Active Duty Alerts are a type of marker offered by the credit bureaus to help US service members avoid becoming victims of fraud. They operate by permitting an active-duty service member to contact one of the credit bureaus to note that they're on active duty, leading to an alert being placed on their identity. That credit bureau will then forward the alert to the other two major credit bureaus.

Unlike a credit freeze, these alerts don't prevent accounts from being opened in the service member's name, but they do provide a marker that is visible to lenders, and encourages them to perform extra verification steps. 

While the credit bureaus do ask users to formally certify that they are active-duty military members, they do not appear to check whether the applicant is genuinely in the military. In a test, SentiLink was able to add an active duty alert to a non-military identity fairly easily.

How might fraudsters misuse Active Duty Alerts?

As experts in synthetic fraud, SentiLink was curious as to whether an Active Duty Alert, in combination with a randomly-issued SSN, might be a signal of potential synthetic fraud. 

Because the Social Security Administration did not begin randomly-issuing SSNs until June 2011, most holders of randomly-issued SSNs are (as of this writing) younger than 14 years old. This is too young to join the U.S. military, every branch of which has a minimum age of 17 for enlistment. While there are a variety of reasons an older person might legitimately have a randomly-issued SSN, it stands to reason that the vast majority of randomly-issued SSN holders are not active-duty military members.

However, synthetic fraudsters often use randomly-issued SSNs for the identities they're inventing. And while adding an Active Duty Alert with the credit bureaus can make opening an account more difficult, the primary challenge synthetic fraudsters face is convincing lenders that their identity is real in the first place.
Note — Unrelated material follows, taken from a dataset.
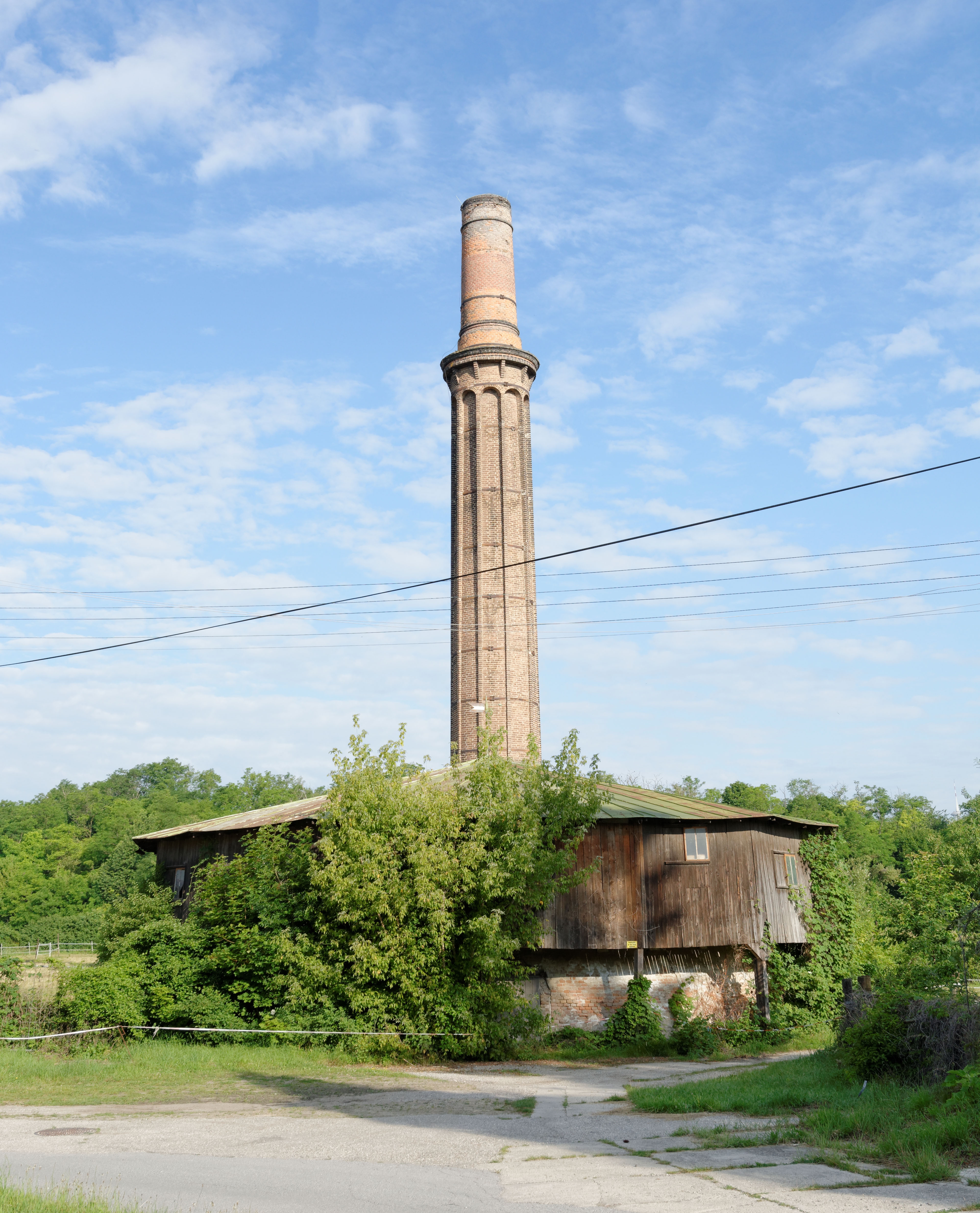 Former brik-kiln in Neubau-Kreuzstetten, Municipality Kreuzstetten, Lower Austria, Austria

If a lender sees the Active Duty Alert as a "sign of life" – an indication the applicant identity is a real person – adding an Active Duty Alert could potentially benefit synthetic fraudsters. 

And if lenders don't suspect synthetic fraud, the fraudster may be able to beat whatever additional verification steps the Active Duty Alert triggers – for example, by using forged documents made with PhotoShop and/or generative AI to beat a document verification challenge. 

Investigation: are synthetic fraudsters misusing Active Duty Alerts?

To determine whether this M.O. is in widespread use by synthetic fraudsters, SentiLink sampled 1M identities with randomly-issued SSNs and analyzed them to look for Active Duty Alerts.

The good news is that based on our research, very few identities with randomly-issued SSNs also have Active Duty Alerts. In total, out of the million identities we sampled, we found just 13 that had Active Duty Alerts. Of these, just five appeared to be instances of synthetic fraud. It appears, therefore, that synthetic fraudsters are not misusing Active Duty Alerts to create a fake "sign of life" for their fake identities.

However, this research and previous research we've conducted into Active Duty Alerts uncovered many identities with Active Duty Alerts that did not seem to have any indications of military service. In many cases, we saw the Active Duty Alerts were added at the same time as other credit alerts such as security freezes or right after freezes ended. This might indicate that some consumers are misunderstanding the purpose of Active Duty Alerts, or attempting to use them for additional identity protection even though they're not in the military. 

Conclusion

While we don't think that fraudsters are leveraging Active Duty Alerts to create fake signs of life for synthetic identities, our research also suggests that an Active Duty Alert should not be viewed as an ironclad indicator that the applicant identity is genuinely on active duty, or has any sort of connection to the military.